Interaction blocks for SchNet. Consists of atomwise transformations of embedded features that are continuously convolved with filters generated from radial basis function-expanded pairwise distances.

Parameters:
  • cfconv_layer (Module) – Continuous filter convolution layer for convolutions of radial basis function-expanded distances with embedded features

  • hidden_channels (int) – Hidden dimension of embedded features

  • activation (Module) – Activation function applied to linear layer outputs

forward(x, edge_index, edge_weight, edge_attr, *args)[source]

Forward pass through the interaction block.

Parameters:
  • x (Tensor) – Embedded features of shape (num_examples, num_atoms, hidden_channels)
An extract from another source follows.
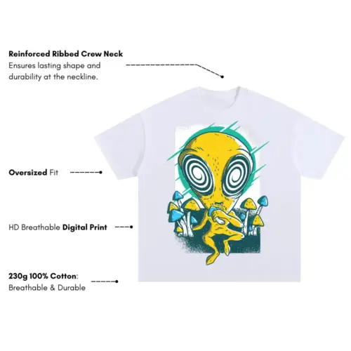 Alien Mushrooms 0 Hq Oversized White Graphic Tee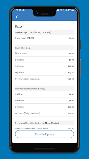 The QVM Parking app allows you to view the parking details at the Queen Victoria Market.

  • edge_index (Tensor) – Graph edge index tensor of shape (2, total_num_edges)

  • edge_weight (Tensor) – Graph edge weight (eg, distances), of shape (total_num_edges)

  • edge_attr (Tensor) – Graph edge attributes (eg, expanded distances), of shape (total_num_edges, num_rbf)

Returns:

Updated embedded features of shape (num_examples * num_atoms, hidden_channels)

Return type:

x

class mlcg.nn.schnet.SchNet(embedding_layer, interaction_blocks, rbf_layer, output_network, self_interaction=False, max_num_neighbors=1000)[source]
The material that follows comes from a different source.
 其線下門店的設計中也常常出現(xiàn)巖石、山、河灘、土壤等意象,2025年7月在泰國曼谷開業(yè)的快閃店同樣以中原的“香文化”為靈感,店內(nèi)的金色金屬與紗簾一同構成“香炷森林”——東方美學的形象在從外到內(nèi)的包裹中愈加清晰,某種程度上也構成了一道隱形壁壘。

PyTorch Geometric implementation of SchNet Code adapted from [PT_geom_schnet] which is based on the architecture described in [Schnet] .

Parameters:
  • embedding_layer (Module) – Initial embedding layer that transforms atoms/coarse grain bead types into embedded features

  • interaction_blocks (list of torch.nn.Module or torch.nn.Sequential) – Sequential interaction blocks of the model, where each interaction block applies

  • rbf_layer (Module) – The set of radial basis functions that expands pairwise distances between atoms/CG beads.

  • output_network (Module) – Output neural network that predicts scalar energies from SchNet features. This network should transform (num_examples * num_atoms, hidden_channels) to (num_examples * num atoms, 1).

  • upper_distance_cutoff – Upper distance cutoff used for making neighbor lists.

  • self_interaction (bool) – If True, self interactions/distancess are calculated. But it never had a function due to a bug in the implementation (see static method neighbor_list). Should be kept False. This option shall not be deleted for compatibility.

  • max_num_neighbors (int) – Maximum number of neighbors to return for a given node/atom when constructing the molecular graph during forward passes. This attribute is passed to the torch_cluster radius_graph routine keyword max_num_neighbors, which normally defaults to 32. Users should set this to higher values if they are using higher upper distance cutoffs and expect more than 32 neighbors per node/atom.

forward(data)[source]

Forward pass through the SchNet architecture.

Parameters:

data (AtomicData) – Input data object containing batch atom/bead positions and atom/bead types.

Returns:

Data dictionary, updated with predicted energy of shape (num_examples * num_atoms, 1), as well as neighbor list information.

Return type:

data

static neighbor_list(data, rcut, max_num_neighbors=1000)[source]

Computes the neighborlist for data using a strict cutoff of rcut.

Return type:

dict

reset_parameters()[source]

Method for resetting linear layers in each SchNet component

class mlcg.nn.schnet.StandardSchNet(rbf_layer, cutoff, output_hidden_layer_widths, hidden_channels=128, embedding_size=100, num_filters=128, num_interactions=3, activation=Tanh(), max_num_neighbors=1000, aggr='add')[source]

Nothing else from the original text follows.